◆ Action item ◆
Take the line containing "香港新聞網5月19日電 國家" and every line after it to the end of the records, and copy them exactly, leaving out pictures.

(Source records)
★ ★ ★ ★ ★ ★ ★

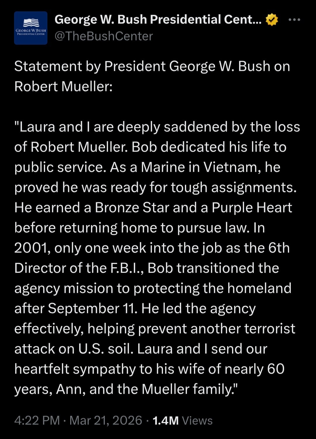 Robert Mueller was diagnosed with Parkinson’s disease in the summer of 2021. He died this past Friday, at the age of 81.
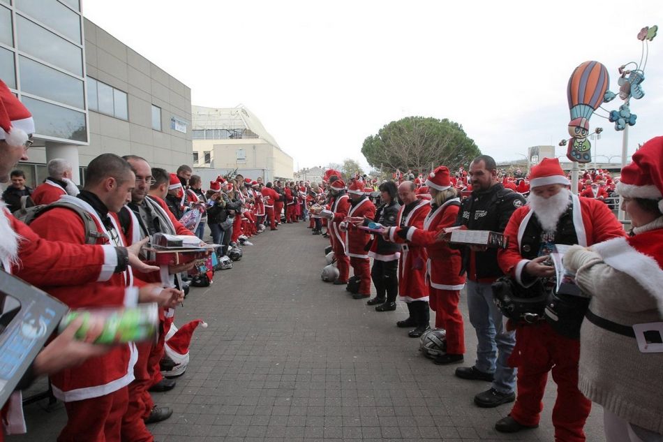 法国数百名圣诞老人骑摩托车分发礼物(组图)
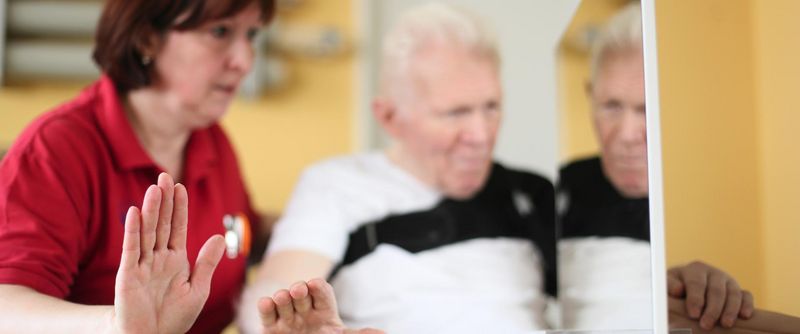 Eine andere Form die Hirnareale, die für die Bewegung des gelähmten Armes zuständig sind, anzuregen ist die Spiegeltherapie. Der Patient sitzt an einem Tisch, vor ihm steht ein Spiegel, in den er von der Seite schaut. Die gesunde Hand ist auf der Seite, die im Spiegel gesehen werden kann. Wenn der Patient nun Bewegungen mit der gesunden Hand ausübt und dabei in den Spiegel schaut, dann sieht es für ihn so aus, als würde sich die linke Hand bewegen. Hier durch werden sogenannte „Spiegelneurone“ aktiviert. Wenn dies täglich für eine halbe Stunde über mehrere Wochen durchgeführt wird, fördert dies die Erholung des betroffenen Armes.
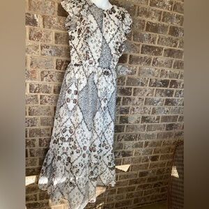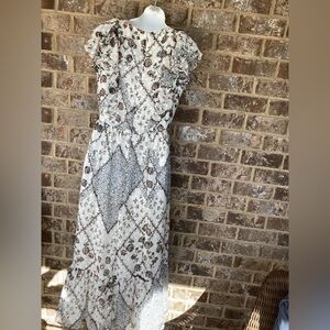 Walter Bakker, Lola, maxi dress, floral, ivory, vintage, rose, ruffle cap sleeve chiffon lined back zip slit, peep neckline. Women’s size 6. All measurements laying flat and approximate length shoulder to Hemline 52 inches. Armpit to armpit 18 inches. Items come from a smoke free home. Gently preowned condition with no known flaws.
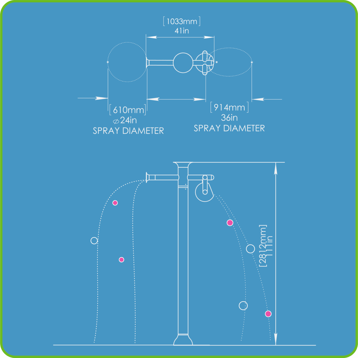 ☑ Spray: 24in (609mm) & 27in (691mm) Spray Areas
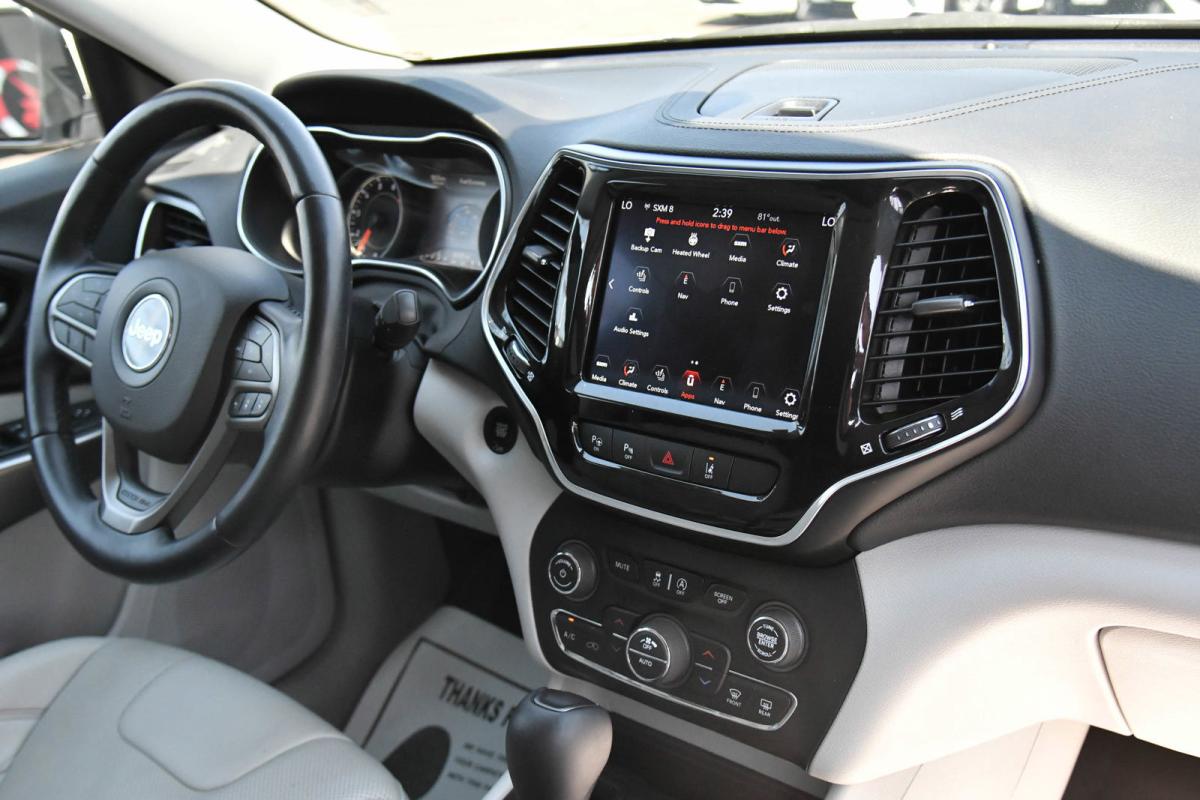 Boasts 29 Highway MPG and 20 City MPG! This Jeep Cherokee delivers a Regular Unleaded V-6 3.2 L/198 engine powering this Automatic transmission. TRANSMISSION: 9-SPEED 948TE AUTOMATIC (STD), SKI GRAY/BLACK, PREMIUM LEATHER TRIMMED BUCKET SEATS, RADIO: UCONNECT 4C NAV W/8.4 DISPLAY.*This Jeep Cherokee Comes Equipped with These Options *QUICK ORDER PACKAGE 26G -inc: Engine: 3.2L V6 24V VVT w/ESS, Transmission: 9-Speed 948TE Automatic, MOPAR INTERIOR PACKAGE -inc: MOPAR Cargo Area Liner, MOPAR Slush Mats, ELITE PACKAGE -inc: Chrome Tow Hooks, SiriusXM Traffic Plus, HD Radio, Radio: Uconnect 4C Nav w/8.4 Display, For Details Visit DriveUconnect.com, Carpeted Cargo Area Trim Panels, 1-Year SiriusXM Guardian Trial, 5-Year SiriusXM Travel Link Service, GPS Navigation, 5-Year SiriusXM Traffic Service, SiriusXM Travel Link, Ventilated Front Seats, 4G LTE Wi-Fi Hot Spot, Hands-Free Power Liftgate, Heated 2nd Row Seats, Fore/Aft Adjusting 2nd Row Seat , PIANO BLACK INTERIOR ACCENTS, MANUF STATEMENT OF ORIGIN, LIQUID TITANIUM DOOR TRIM APPLIQUES, GVWR: 5,500 LBS (STD), FRONT LICENSE PLATE BRACKET, ENGINE: 3.2L V6 24V VVT W/ESS (STD), BRIGHT WHITE CLEARCOAT.
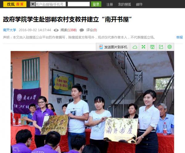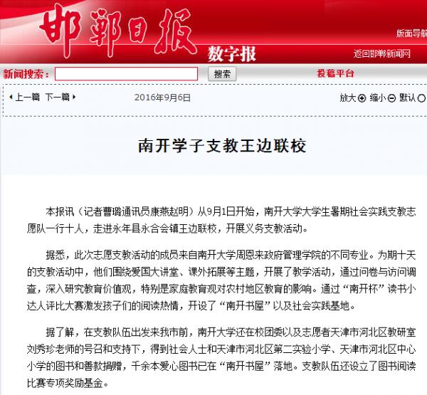 近日,PA视讯官方网站十名员工赴河北省邯郸市永年县永合会镇王边村联合公司开展老员工暑期社会实践活动。此次活动以“莘莘学子传支教美德,情系乡土扬公能精神”为主题,进行为期十天的支教。在为小员工开设课程的同时,实践队员们还完成了课题调研、建立南开书屋、建设社会实践基地等任务。此次活动是南开学子知行合一的良好实践,积极响应“精准扶贫”国家政策要求,极大地促进了文化、科技、卫生“三下乡”事业发展,受到了搜狐新闻、凤凰资讯、邯郸电视台、邯郸日报与邯郸晚报等多家媒体的关注与报道,下附部分报道截图。
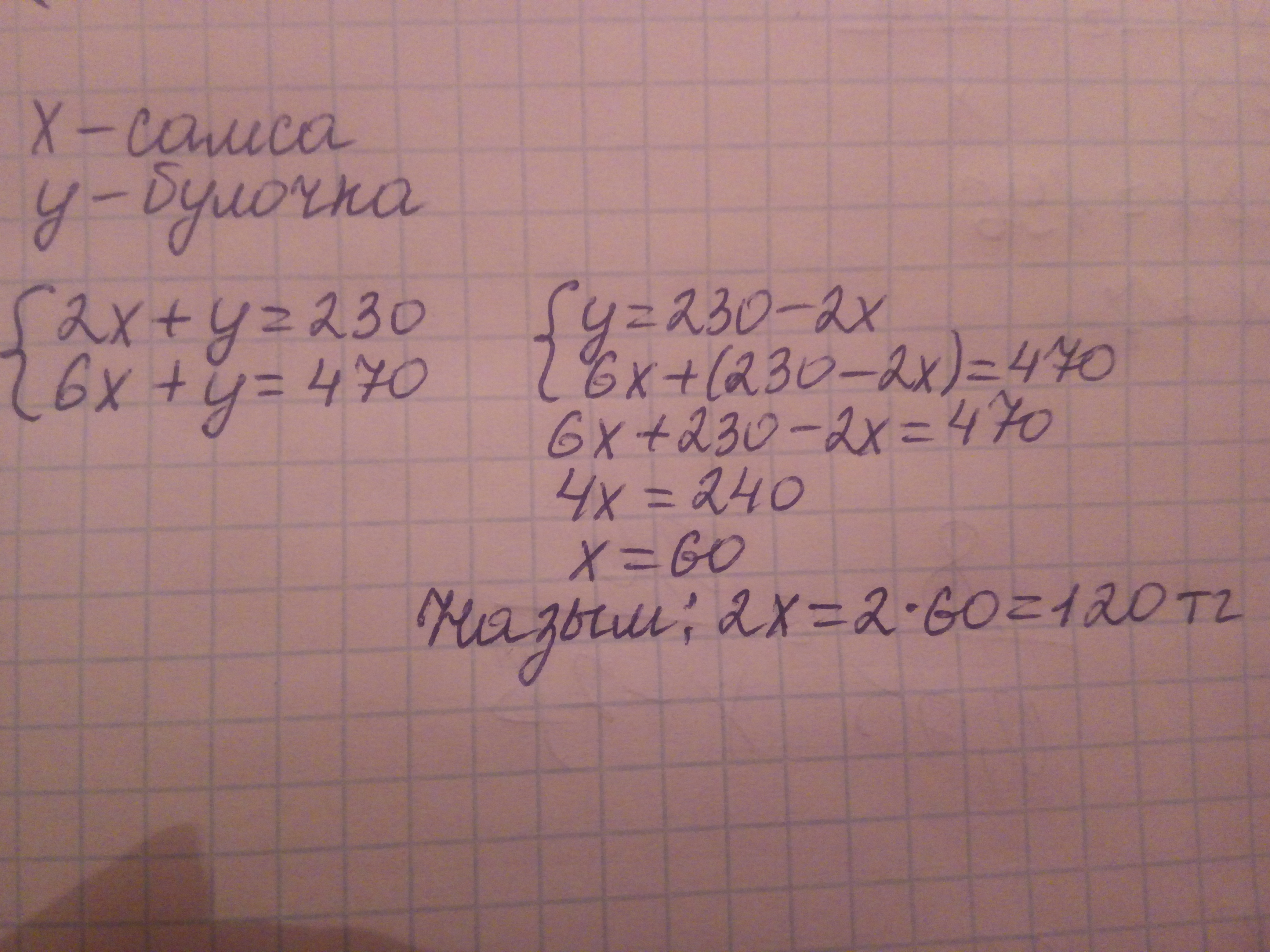 Алия потратила на 2 самсы и булочку 230тг.Маншук заплатила за 6 самсы и булочку 470тг,и 2самсы отдала Назым.Сколько тг должна Назым отдать Маншук?
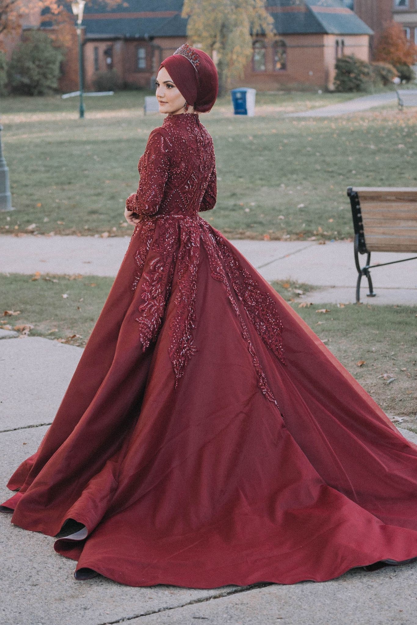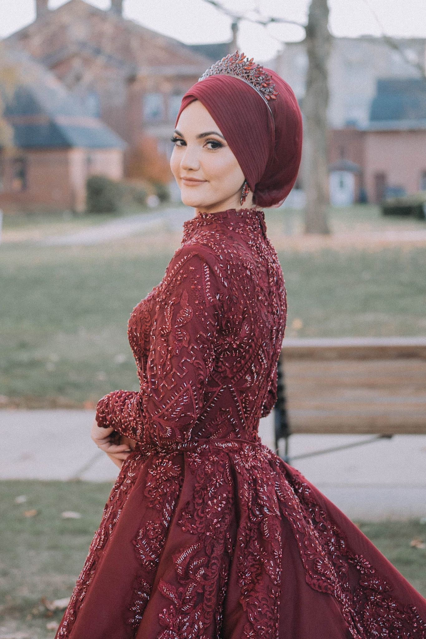 Dantelin zarafeti ve bordo rengin asaleti bir araya geldiğinde ortaya büyüleyici bir elbise çıkmış. Türbana da bittim bu arada.
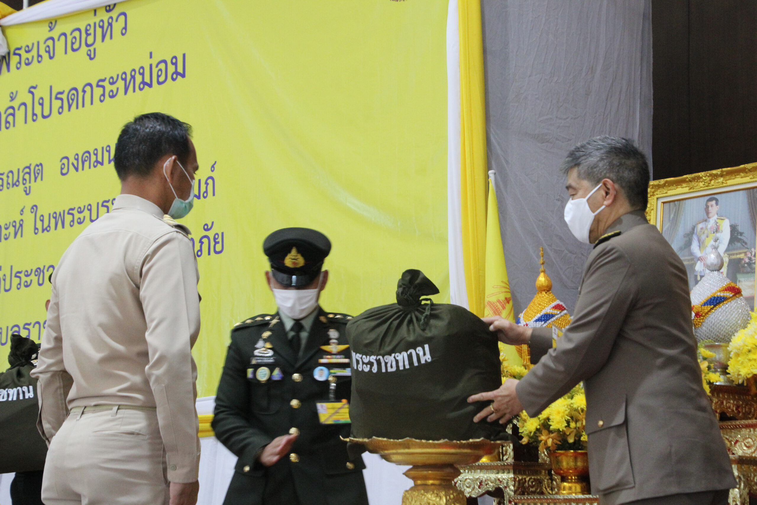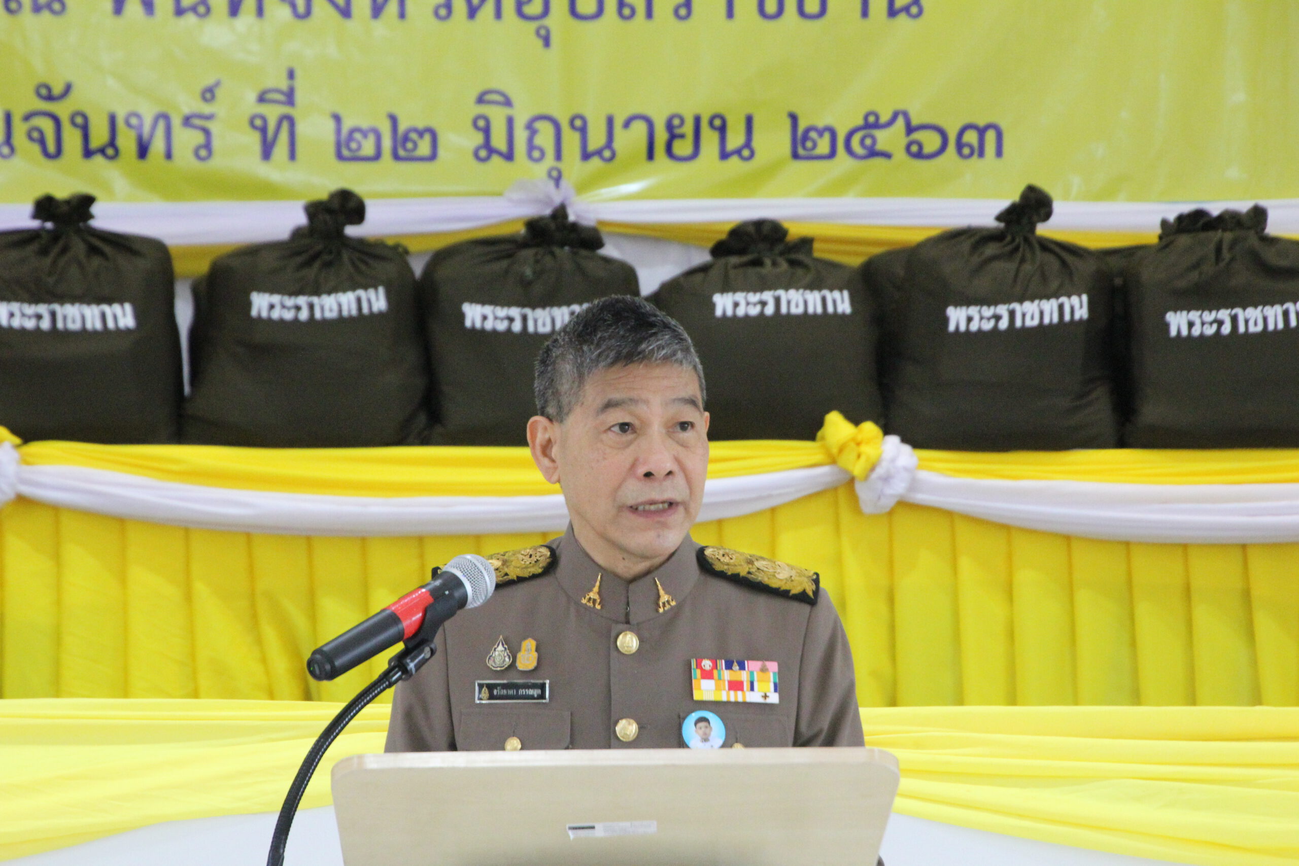จังหวัดอุบลราชธานี แบ่งการปกครองออกเป็น 25 อำเภอ 219 ตำบล 2,469 หมู่บ้าน ได้รับอิทธิพลจากหย่อมความกดอากาศต่ำแพร่ปกคลุมตั้งแต่ช่วงเดือนกุมภาพันธ์ มิถุนายน 2563 ทำให้เกิดฝนฟ้าคะนอง และลมกระโชกแรง ส่งผลทำให้บ้านเรือนราษฎร ทรัพย์สิน โรงเรือน คอกสัตว์เลี้ยง และพืชผลทางการเกษตร ในพื้นที่ 25 อำเภอ 234 ตำบล 609 หมู่บ้าน ได้รับความเสียหาย ราษฎรได้รับความเดือดร้อน 2,972 ครัวเรือน โดยได้ดำเนินการไปบางส่วนแล้ว สำหรับในวันนี้ เชิญถุงพระราชทาน เครื่องอุปโภคบริโภคจำนวน 2,252 ถุง มอบแก่ราษฎรใน 19 อำเภอ 182 ตำบล 491 หมู่บ้าน ที่ได้รับผลกระทบ
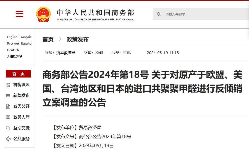 香港新聞網5月19日電 國家商務部今天發佈公告,即日起,商務部對原產於歐盟、美國、台灣地區和日本的進口共聚聚甲醛進行反傾銷立案調查,本次調查確定的傾銷調查期為2023年1月1日至2023年12月31日,產業損害調查期為2021年1月1日至2023年12月31日。
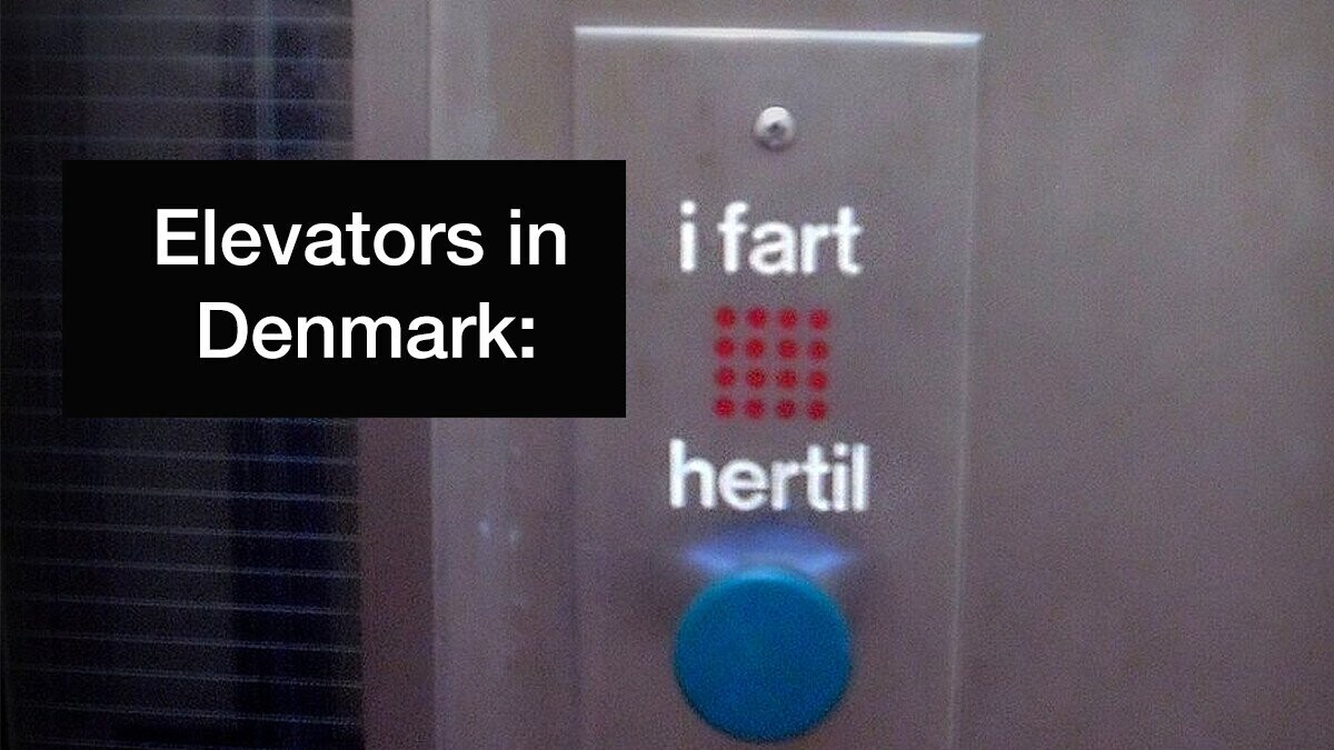 “I fart” means “in motion” in Danish. Go to Denmark, and you’ll see elevators light up with the sign “I fart.”
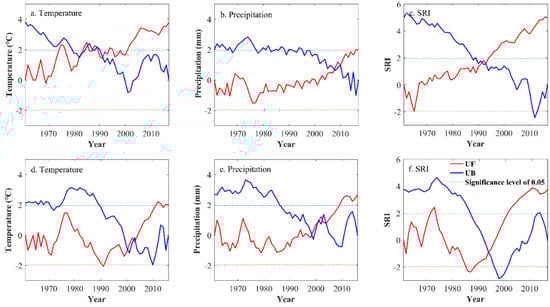 M-K test of annual precipitation, temperature and the SRI in the Yarkant and Kaidu River Basins (a–c: Yarkant River Basin, d–f: Kaidu River Basin).

★ ★ ★ ★ ★ ★ ★

◆ Task solution ◆
 香港新聞網5月19日電 國家商務部今天發佈公告,即日起,商務部對原產於歐盟、美國、台灣地區和日本的進口共聚聚甲醛進行反傾銷立案調查,本次調查確定的傾銷調查期為2023年1月1日至2023年12月31日,產業損害調查期為2021年1月1日至2023年12月31日。
 “I fart” means “in motion” in Danish. Go to Denmark, and you’ll see elevators light up with the sign “I fart.”
 M-K test of annual precipitation, temperature and the SRI in the Yarkant and Kaidu River Basins (a–c: Yarkant River Basin, d–f: Kaidu River Basin).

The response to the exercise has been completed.